At the beginning of 2017, NHI coverage was extended to oral forms of antiviral medications for those suffering from advanced cases of hepatitis C. LDRF does not consider these efforts sufficient, and is calling for an expansion that would cover the medicine regardless of the variety or severity of the disease. In Taiwan, Yang noted, hepatitis B and C lead to more than 85 percent of all cirrhosis and liver cancer cases, while non-viral factors such as alcohol consumption, medication and metabolism problems are also major contributors.
The Silent Organ
Despite measures put in place to reduce the frequency of hepatitis, Yang said he is sometimes frustrated by the reluctance of virus carriers to seek medical treatment. “Only around a third of them do so and another third go to clinics or hospitals just once or twice. The rest of them don’t seem to care about it at all,” he said. “The liver is a silent organ, meaning symptoms of a disease usually don’t develop until it has reached very advanced stages.” As a result, there has not been a significant decline in the death toll caused by chronic liver disease in “Old Taiwanese”—nationals over the age of 33—who did not receive hepatitis B vaccinations when they were young.
Since its establishment in 1994, LDRF has toured communities around Taiwan to conduct liver disease screenings. (Photo courtesy LDRF)
Consequently, LDRF will continue its efforts to promote hepatitis screenings through blood tests and abdominal ultrasound scans. Yang said a major mission for his group is to continue educating people about the development pattern of liver disease by organizing events for local community residents and releasing relevant articles in print and internet media.

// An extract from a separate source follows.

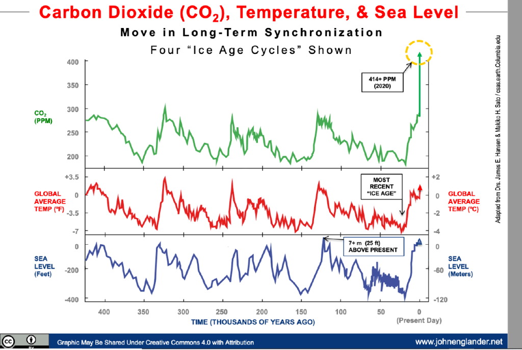 Cominciamo da qui: la CO2 è il termostato del nostro pianeta, per centinaia di migliaia di anni non ha mai superato le 300 ppm, prima che iniziassimo a bruciare combustibili fossili se ne stava tranquilla intorno alle 280 ppm [2], in poco più di un secolo siamo riusciti a portarla a livelli che non si vedevano sulla Terra da più di 3 milioni di anni, significa che stiamo entrando in una fase che non ha precedenti nella “breve” storia della nostra specie, che esiste da circa 200,000 anni e ha iniziato ad avere insediamenti stabili “solo” 10,000 anni fa (circa) [3].

The organization also cooperates with local government medical departments and community health stations, particularly in such places as Miaoli County in northern Taiwan and the southern counties of Yunlin and Chiayi where there are higher concentrations of hepatitis C. Yang said he believes cases of the disease are more prevalent in these areas because local health workers failed to adequately disinfect needles in the past.

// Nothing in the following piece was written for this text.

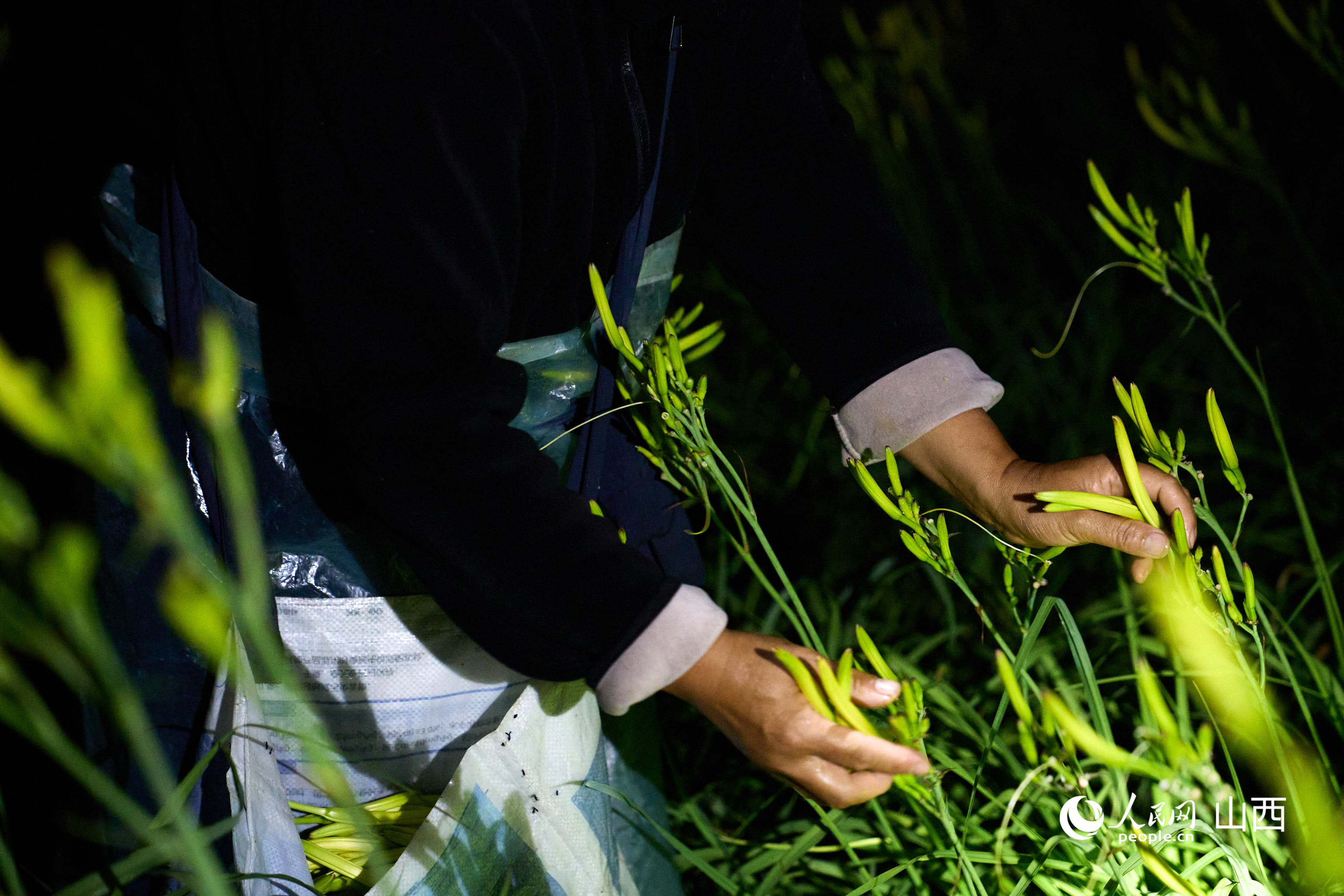 “选哪朵黄花摘得靠经验,是个眼力活儿,采摘时要轻、巧、细、快,不能损伤花蕾。”村民杨瑞仙一边说一边为记者示范采摘方法,只见她左手扶住花葶,右手中指一顶、食指一掰,一朵黄花便从花蒂和苔梗连接处折断。

Yang and Sheu are also respectively CEO and president of the Taipei-based Good Liver Foundation, established in 2012 as an extension of LDRF. The organization operates the Good Liver Clinic in the capital’s downtown area. Sheu pointed out that the facility, which is part of the NHI system, was set up with the goal of helping form a hospital system specializing in the treatment and research of liver diseases.
Sheu insists that in the field of hepatology, there are still many issues and questions to be addressed to further bring down the number of hepatitis cases. “That’s why research and other efforts in fighting liver disease will not stop in the foreseeable future,” he said.